Franz Anton Beckenbauer was born in September 1945, the son of Franz and Antonie Beckenbauer, in Giesing, a working-class suburb of Munich, near what would become the city’s Olympic stadium. His father was a postal worker. Franz was identified as a player of uncommon talent when he was a child by the city’s two professional teams, 1860 Munich and Bayern Munich.

His decision to play for Bayern marked the moment in which the team’s destiny was marked. Without Beckenbauer, Bayern “would never have become the club it is today,” as the eternal German champion put it.

Originally a midfielder, Beckenbauer spent most of his career as a “libero”, effectively a deep sweeper who was given license to move forward and initiate attacks whenever the opportunity arose.

“For me he was the best player in German history,” said current national team coach Julian Nagelsmann. “His interpretation of the libero role changed the game. This role and his friendship with the ball made him a free man. Franz Beckenbauer was able to float on the grass. As a footballer, and then also as a coach, he was sublime. He was above things.”

Beckenbauer made more than 500 appearances for Bayern (and another 103 for West Germany) before announcing his decision to leave the country and join the Cosmos in 1977. It was a decision that cost him his place in the 1978 World Cup, when The German football federation decreed that it would not select players who worked outside Europe.

He didn’t regret it.
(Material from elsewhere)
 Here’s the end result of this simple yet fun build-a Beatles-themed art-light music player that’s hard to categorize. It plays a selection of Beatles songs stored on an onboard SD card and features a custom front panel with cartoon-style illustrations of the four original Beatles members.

He would later describe his years with the Cosmos, where he counted Pelé among his teammates, as the best of his life.

In Munich, he said, he couldn’t go to lunch without “the newspapers reporting on my main dish.” The cosmopolitanism of New York, by contrast, offered a certain degree of freedom. “In Munich we were all German players,” he said. “In the Cosmos there were 14 nationalities, and Pelé.”
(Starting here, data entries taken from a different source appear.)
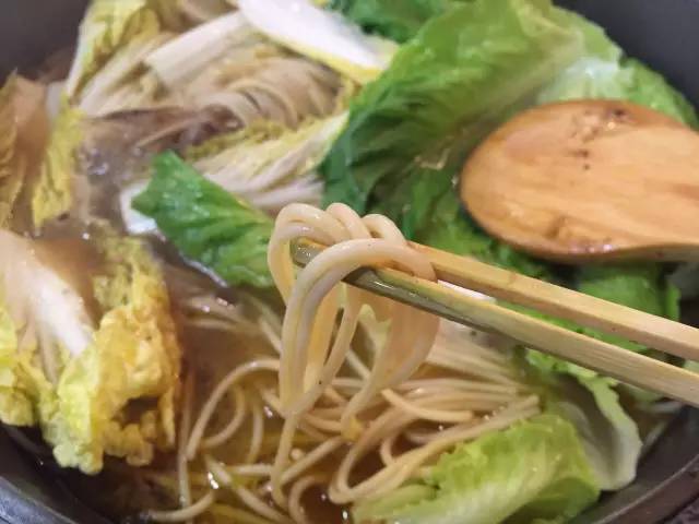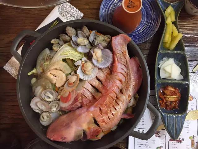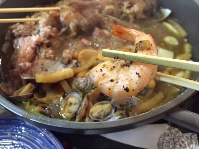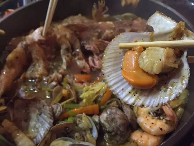 以魚(yú)、扇貝、大蝦和時(shí)蔬為鍋底,先燜制,后以米酒澆鍋,點(diǎn)火后,能看到火焰在食材上跳躍,聞到淡淡的酒香,最后的醬料可以拌意面吃,有黑椒、麻辣和酸菜三種口味。
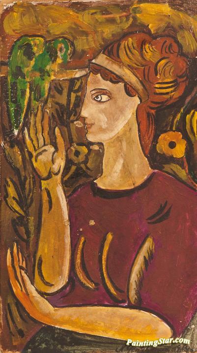 Woman with Parrot (study), Art Painting by Natalia Goncharova
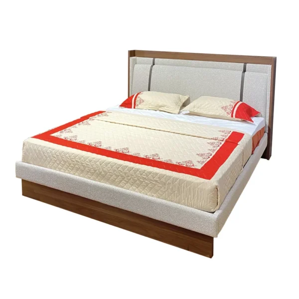 Modern Scandinavian Light Brown Wood Bed with White Jute Padding
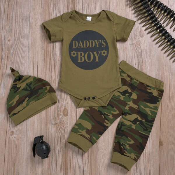 3-Piece Short-Sleeve Letter Print Bodysuit, Camouflage Pants and Hat
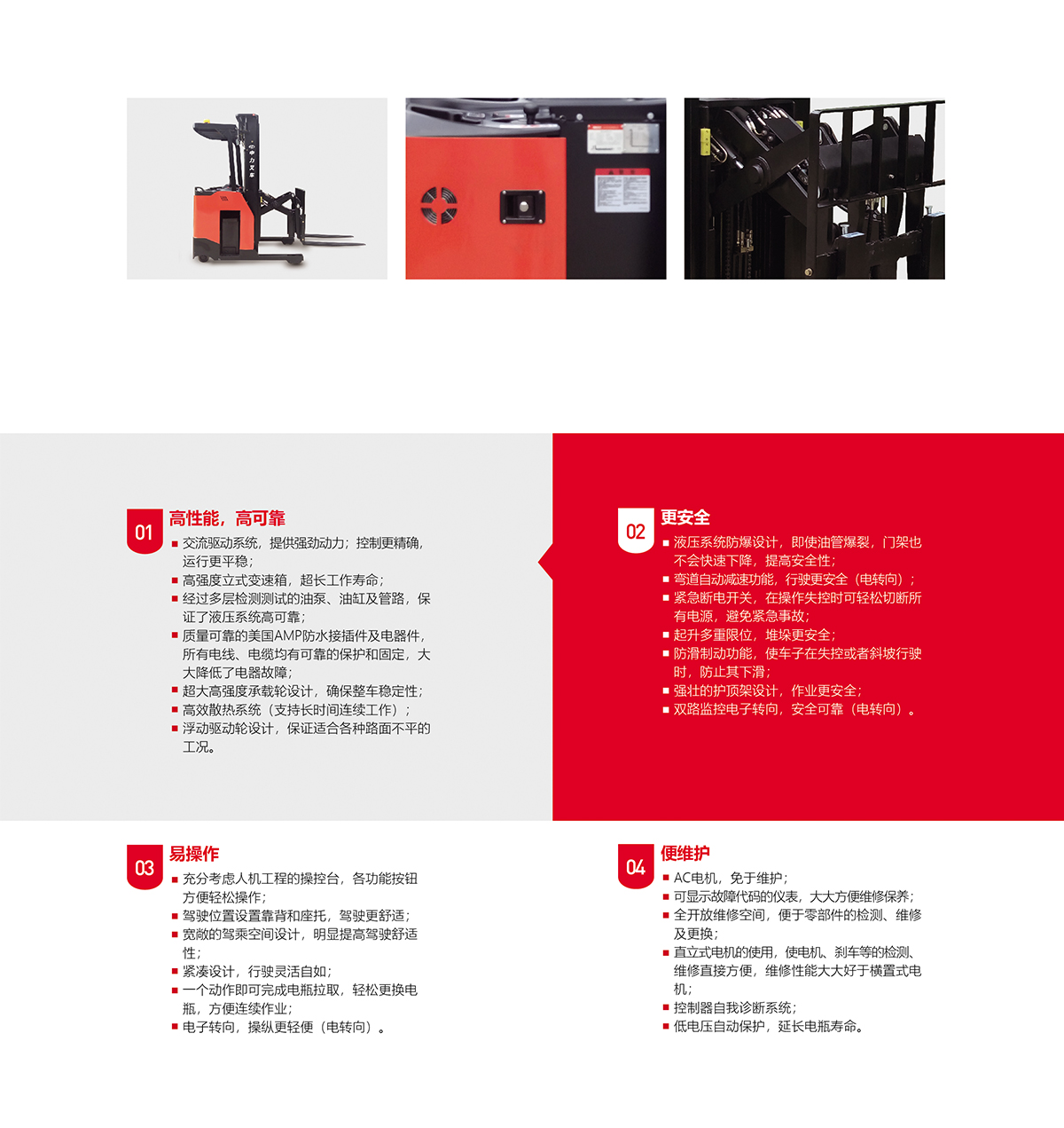 产品卖点: 窄通道、高货架货物堆垛的理想选择; 站驾操作,视野宽广,作业方便; 电转向控制,舒适高效;
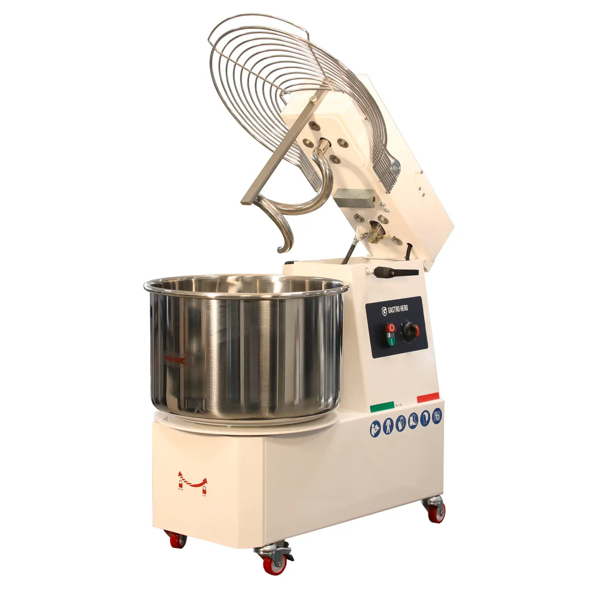 GastroHero Spiral-Teigknetmaschine PROFI 42 Liter 400V mit Rollen - variabler Kopf
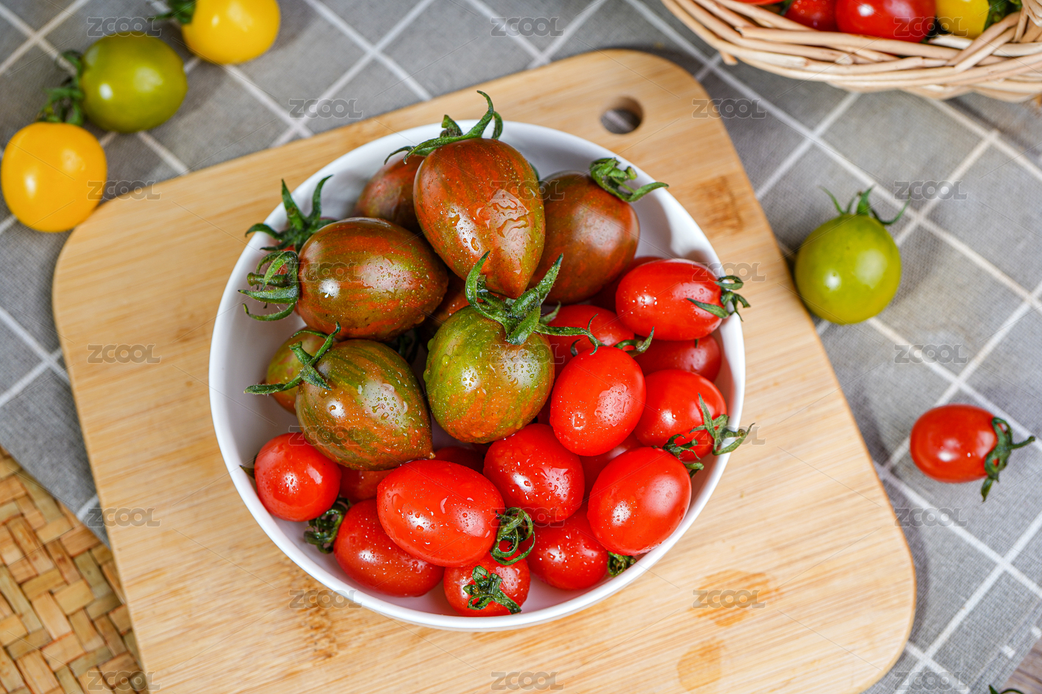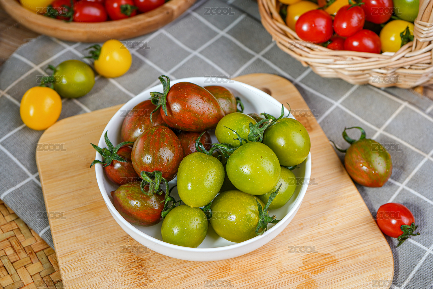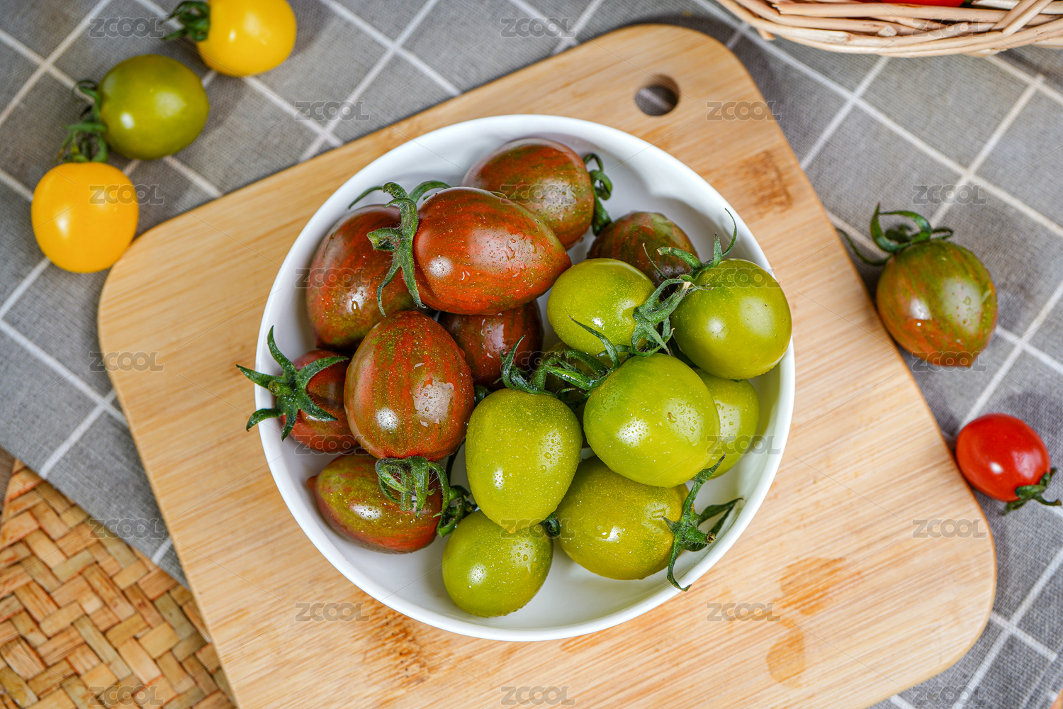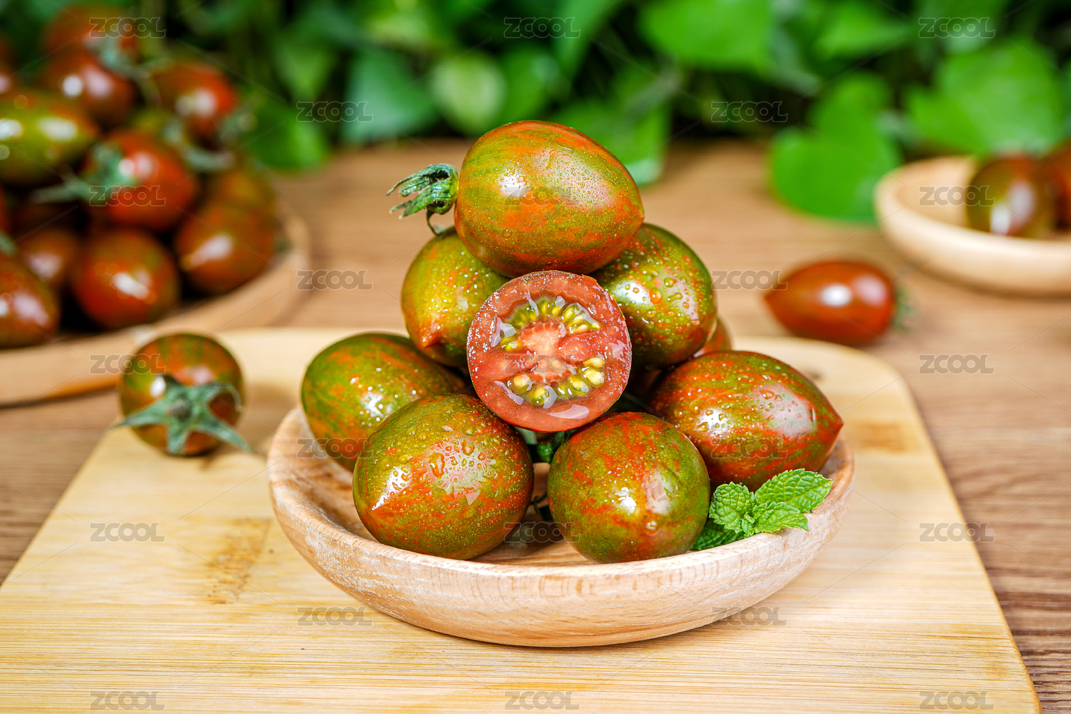 木板上放着一盘迷彩圣女果

However, anonymity was only relative. One night, Beckenbauer was having dinner with Ahmet Ertegun, the founder of Atlantic Records and the driving force behind the Cosmos, on Second Avenue. Beckenbauer saw Woody Allen and asked the impeccably connected Mr. Ertegun to introduce him.
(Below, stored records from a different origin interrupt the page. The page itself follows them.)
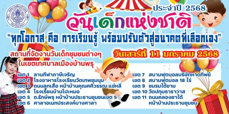 ข่าวประชาสัมพันธ์ ขอเชิญร่วมงานวันเด็กแห่งชาติ ปี 2568 วันเสาร์ที่ 11 มกราคม 2568 ณ สถานที่จัดงานวันเด็กทั้ง 11 ชุมชน ในเขตเทศบาลเมืองบ้านพรุ7 มกราคม 25688 มกราคม 2025
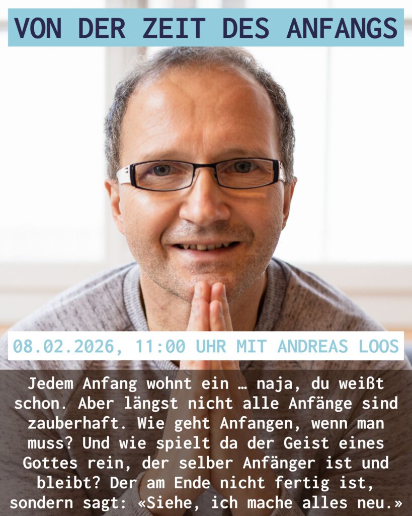 Jedem Anfang wohnt ein … naja, du weißt schon. Aber längst nicht alle Anfänge sind zauberhaft. Wie geht Anfangen, wenn man muss? Und wie spielt da der Geist eines Gottes rein, der selber Anfänger ist und bleibt? Der am Ende nicht fertig ist, sondern sagt: «Siehe, ich mache alles neu.»
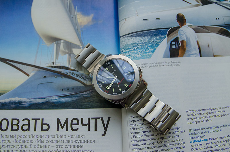 люминесцентными стрелками и часовыми метками, закрыт выпуклым сапфировым стеклом.
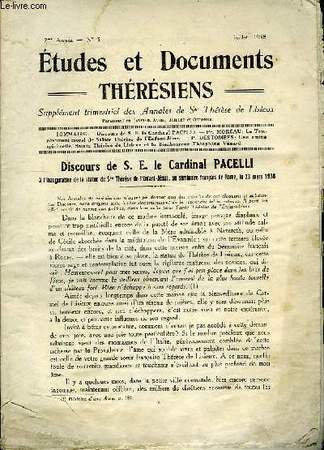 Supplément des Annales de Sainte Thérèse de Lisieux. Une amitié spirituelle, Ste Thérèse et le Bx Théophane Vénard - Discours de S.E. le Cardinal Pacelli ... Classification Dewey : 260-Théologie sociale chrétienne
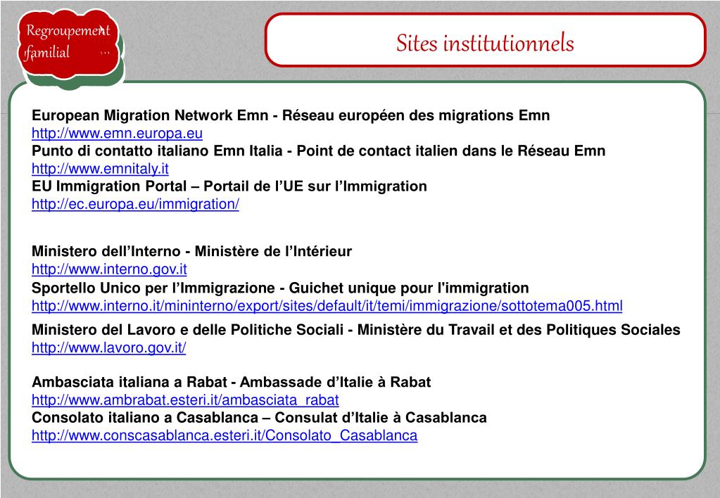 Regroupement familial Sites institutionnels Membres devotrefamille Membres devotrefamille Membres devotrefamille Membres devotrefamille European Migration Network Emn - Réseaueuropéendesmigrations Emn http://www.emn.europa.eu Punto di contatto italiano Emn Italia - Point de contact italien dans leRéseau Emn http://www.emnitaly.it EU Immigration Portal – Portail de l’UE sur l’Immigration http://ec.europa.eu/immigration/ Ministero dell’Interno - Ministère de l’Intérieurhttp://www.interno.gov.it SportelloUnico per l’Immigrazione - Guichet unique pour l'immigrationhttp://www.interno.it/mininterno/export/sites/default/it/temi/immigrazione/sottotema005.html MinisterodelLavoro e delle PoliticheSociali - Ministère du Travail et des Politiques Sociales http://www.lavoro.gov.it/ Ambasciata italiana a Rabat - Ambassade d’Italie à Rabat http://www.ambrabat.esteri.it/ambasciata_rabat Consolato italiano a Casablanca – Consulat d’Italie à Casablanca http://www.conscasablanca.esteri.it/Consolato_Casablanca
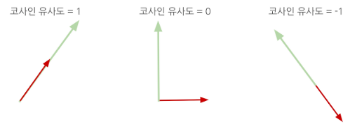 코사인 유사도 (Cosine Similarity) : -1 ~ 1 의 값을 가짐
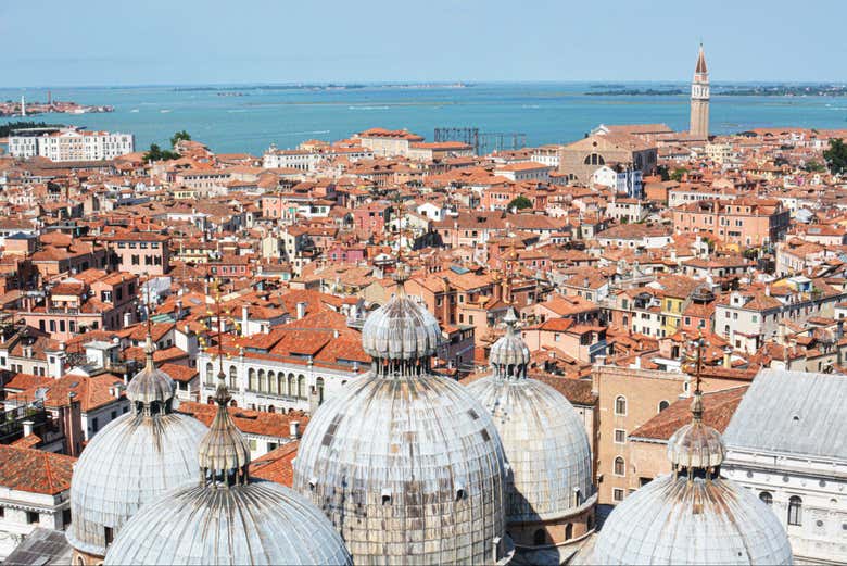 À votre arrivée, vous pourrez y accéder sans faire la queue et monterez rapidement en ascenseur jusqu'au sommet, où vous profiterez d'une vue imprenable sur les lieux les plus emblématiques de Venise ! Les coupoles de la basilique, la place Saint-Marc et même la lagune. Une véritable occasion de prendre des photos mémorables !
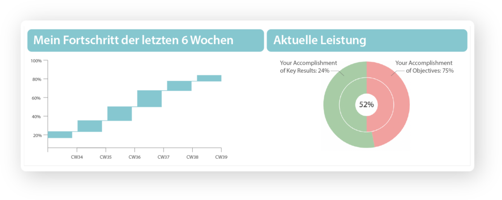 Der Uffective OKR Smart Start sammelt alle OKRs an einer Stelle und gibt Ihnen alle Informationen, die Sie über Ihre OKRs brauchen. Sie können Ihre persönlichen Ziele und Key Results, Leistungen im laufenden Quartal sowie Ihre Fortschritte in den letzten sechs Wochen tracken. Ebenfalls können Sie auch die OKRs Ihrer Mitarbeiter auf einfachem Wege verfolgen, indem Sie diese zu Ihrem Dashboard hinzufügen.

As Gavin Newsham details in his 2006 book “Once In A Lifetime,” his history of the Cosmos, the businessman duly obeyed and crossed the restaurant followed by an unusually shy Beckenbauer. However, when they reached the director’s table, before Ertegun could speak, Allen quickly stood up, an expression of disbelief on his face. “My God, Franz Beckenbauer,” he said.

Beckenbauer is survived by his wife, Heidrunknown as Heidi, and her two children, Joel and francescaas well as two children from his previous marriages, thomas and Miguel.

Melissa Eddy and Tariq Panja contributed with reports.